Victims suffered as police also faltered

AUSTRALIA
Newcastle Herald

I HAVE some questions for NSW Police Commissioner Andrew Scipione after the release of the NSW Special Commission of Inquiry final report.

They go to the heart of why a journalist ended up campaigning for a royal commission in 2012, and why police are one of the “existing institutions” that have failed the victims of child sexual abuse in churches and other institutions.

My questions are:

1. If the Newcastle woman known to the inquiry as AL, a victim of paedophile priest Denis McAlinden, had gone on her own to police and asked them to investigate whether senior clergy had concealed McAlinden’s crimes for decades based on church documents she held, what are the chances it would have happened?

2. Is the commissioner prepared to concede AL’s chances would have been zero, and police eventually investigated because it was a journalist, and not a victim of a paedophile priest, who gave them the documents and made it clear she was not going away?

3. On what basis was a senior Hunter police officer describing the “availability” of the Catholic Church’s Towards Healing process as “an alternate to the criminal process” in July 2010, in his internal police report assessing whether police should investigate the McAlinden cover-up?

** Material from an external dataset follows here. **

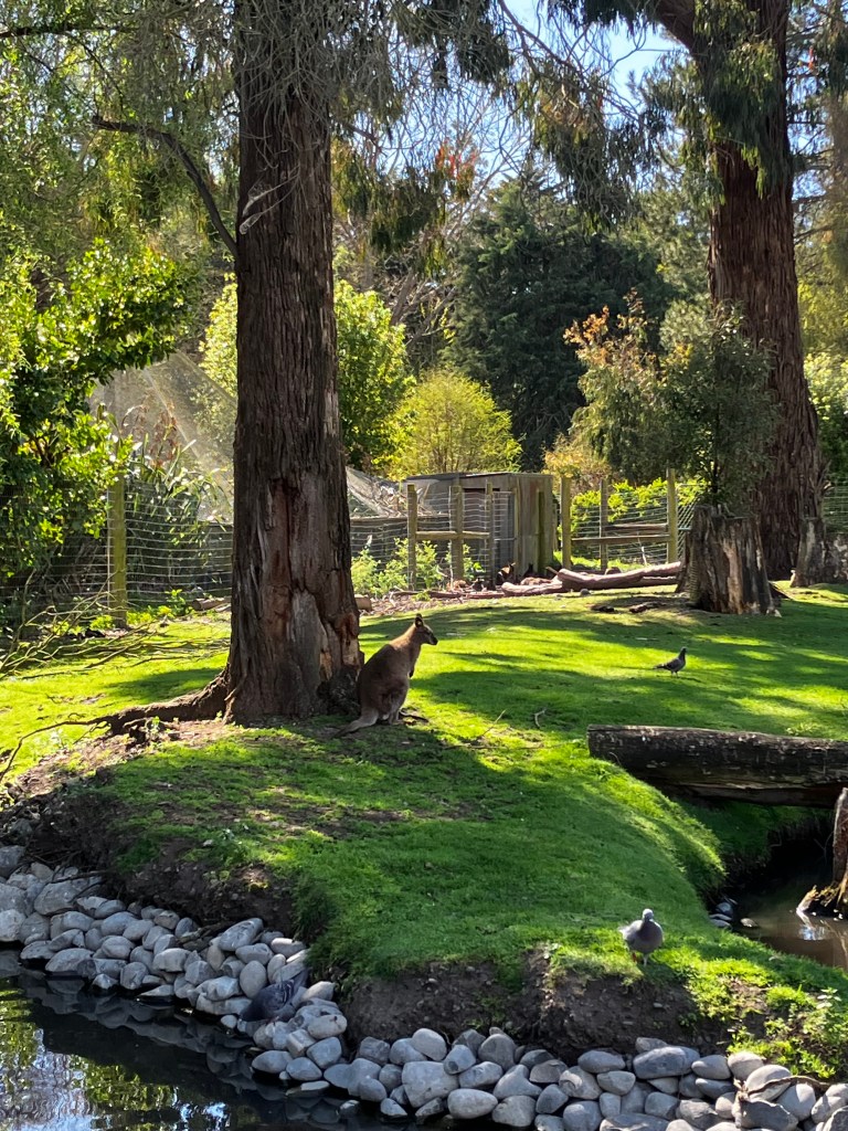 After we exited the boardwalk, there were some small deer – brought here and bred for game – and then an area where you can walk among wallabies. There are lots of signs warning not to let the wallabies out, but they weren’t feeling very feisty this morning and stayed away from the path.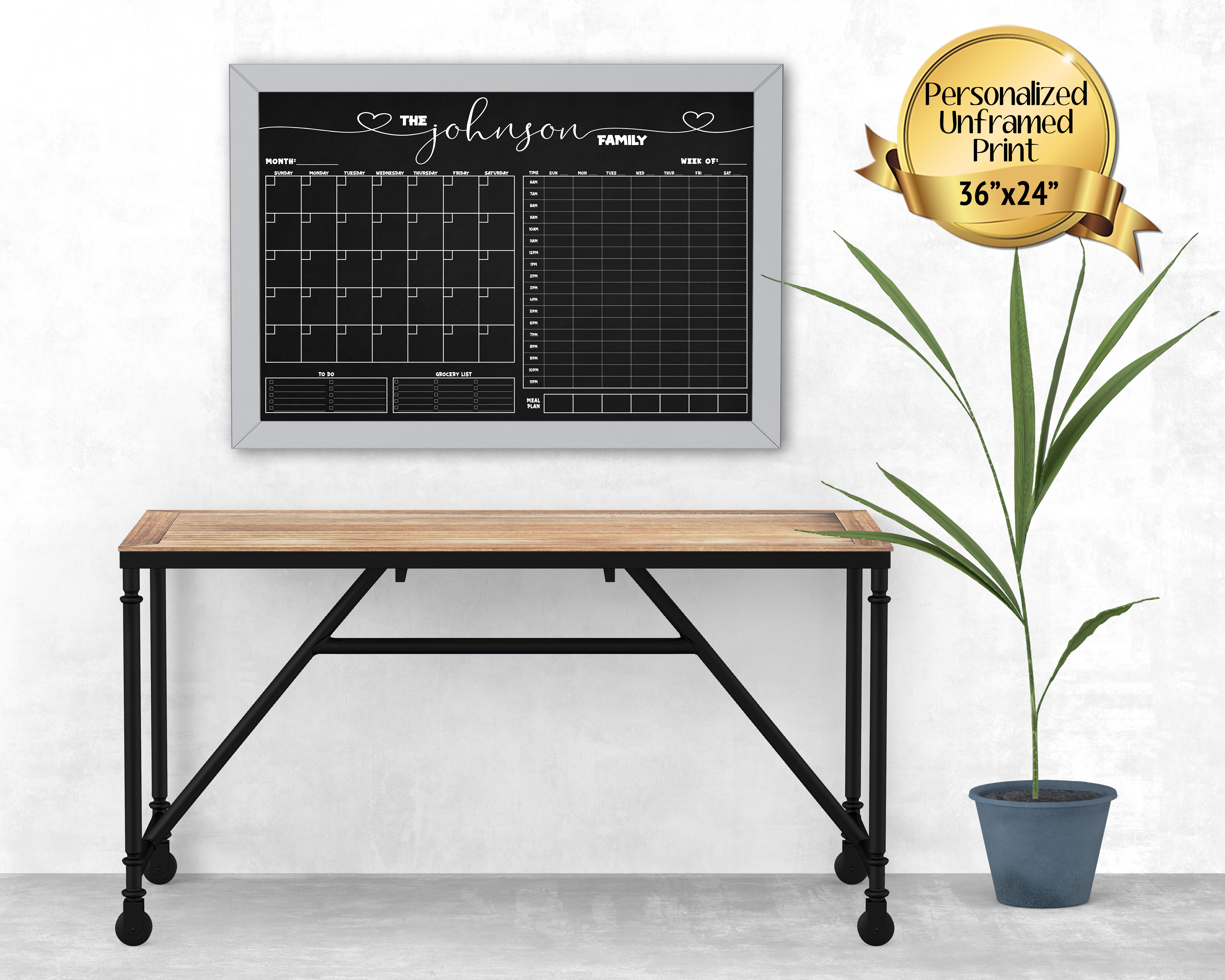 This listing is for a personalized 36″x24″ wall calendar print (no frame included!). This monthly calendar features a weekly meal planner, a grocery list, a to do list, and an hourly planner. This extra large calendar is perfect for your command center. Please ensure that it will fit within your space (including a few inches for the frame!). If you need a smaller size, I also have many 24″x18″ designs as well!

4. Is the commissioner comfortable that by as late as 2010, and despite victims’ very public condemnation of Towards Healing over a number of years, its “availability” was raised by that senior Hunter police officer as a reason not to investigate whether the church covered up the crimes of McAlinden? And can I remind the commissioner that Denis McAlinden preyed, primarily, on little girls aged between four and 12 over four decades, has victims in at least three countries, and died in 2005 with his “good name” protected by the Catholic Church.